Activity: Each line from the one containing "Shimmering sequins define" to the end of the data must be copied exactly, the first and last included; no other lines and no pictures belong in the copy.

Records shown:
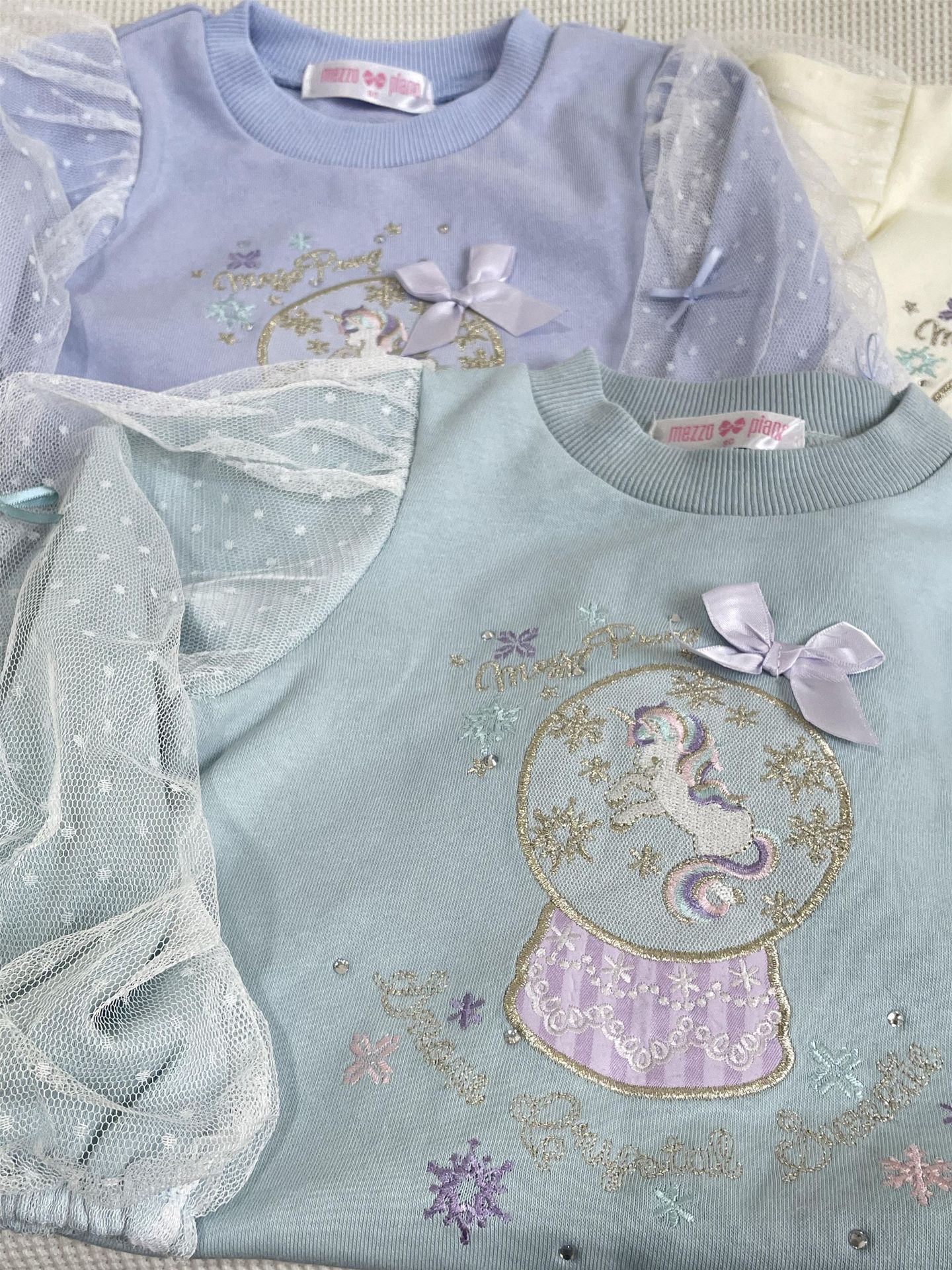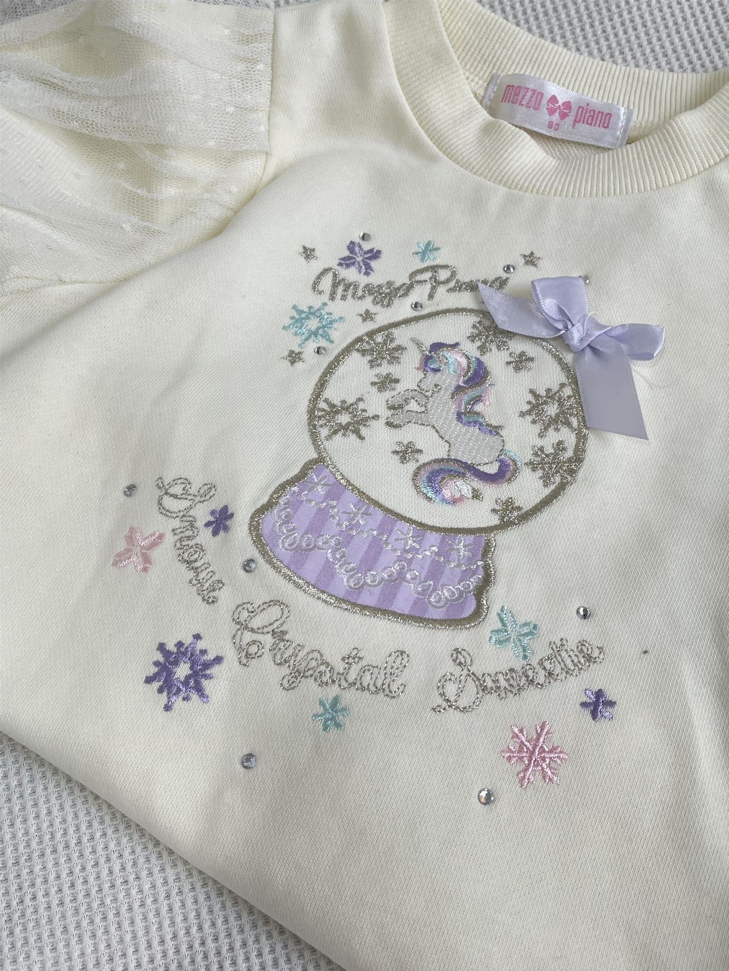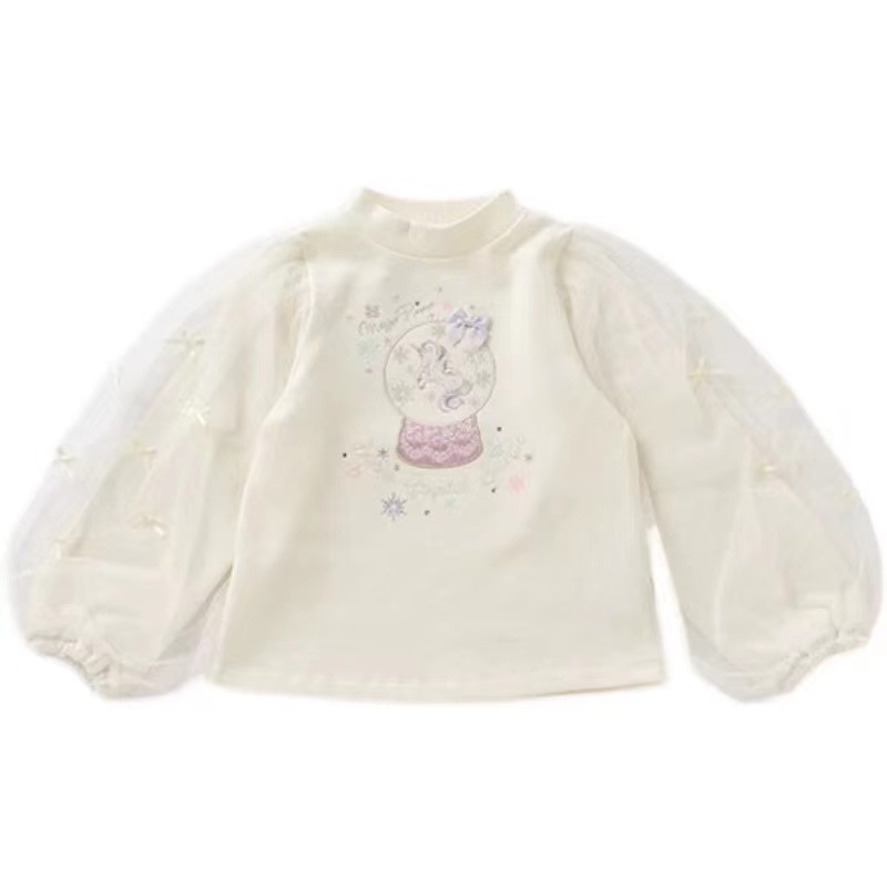2024 가을 소녀 유니콘 크리스탈 볼 버블 슬리브 스웨터
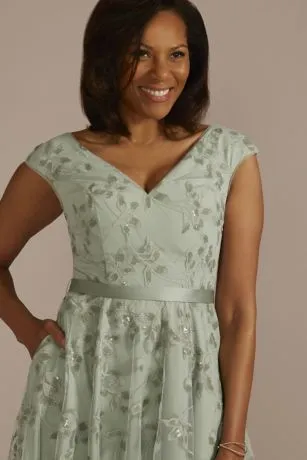 Shimmering sequins define this floral patterned A-line dress designed with cap sleeves and a flattering V-neckline. Mom will love every last detail, from the waist accent to the skirt pockets.
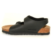 Birkenstock sandaal met goed voetbed en 3 voudige gesp sluiting. Materiaal leder voetbed en birkoflor afwerking. Kleur zwart. Pasvorm normaal tot smaller…
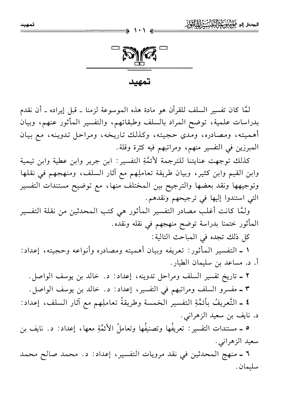 ٤ - التَّعريفُ بأئمَّةِ التفسير الخمسة وطريقةُ تعاملِهم مع آثار السلف، إعداد: د. نايف بن سعيد الزهراني.
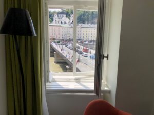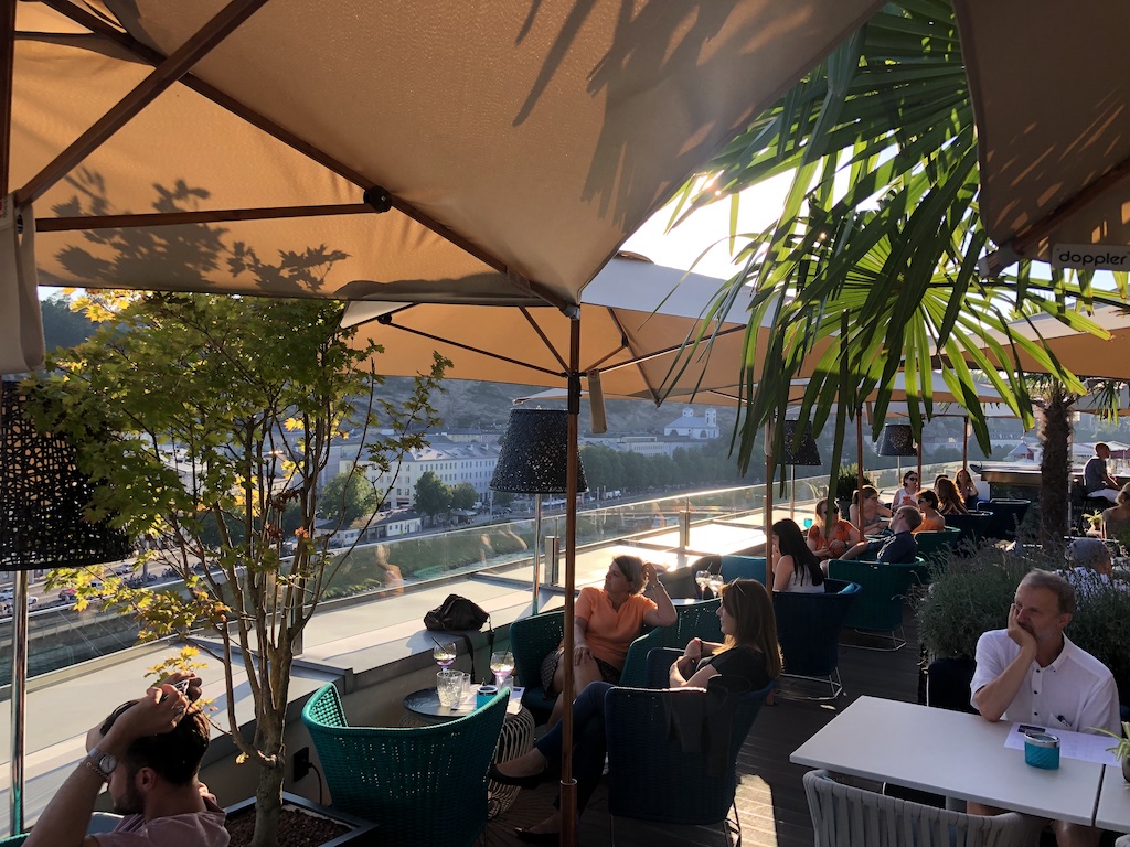 Die Wahl fiel auf das in Salzburg bekannte Hotel Stein. Die Lage ist sehr zentral, die Dachterasse mit dem Panoramablick zieht auch einheimische Besucher an. Ein Blick in das Reiseportal von American Express überzeugte mich, für Inhaber der Platinum-Karte gibt es dort einen interessanten Benefit.

Task output:
 Shimmering sequins define this floral patterned A-line dress designed with cap sleeves and a flattering V-neckline. Mom will love every last detail, from the waist accent to the skirt pockets.
 Birkenstock sandaal met goed voetbed en 3 voudige gesp sluiting. Materiaal leder voetbed en birkoflor afwerking. Kleur zwart. Pasvorm normaal tot smaller…
 ٤ - التَّعريفُ بأئمَّةِ التفسير الخمسة وطريقةُ تعاملِهم مع آثار السلف، إعداد: د. نايف بن سعيد الزهراني.
 Die Wahl fiel auf das in Salzburg bekannte Hotel Stein. Die Lage ist sehr zentral, die Dachterasse mit dem Panoramablick zieht auch einheimische Besucher an. Ein Blick in das Reiseportal von American Express überzeugte mich, für Inhaber der Platinum-Karte gibt es dort einen interessanten Benefit.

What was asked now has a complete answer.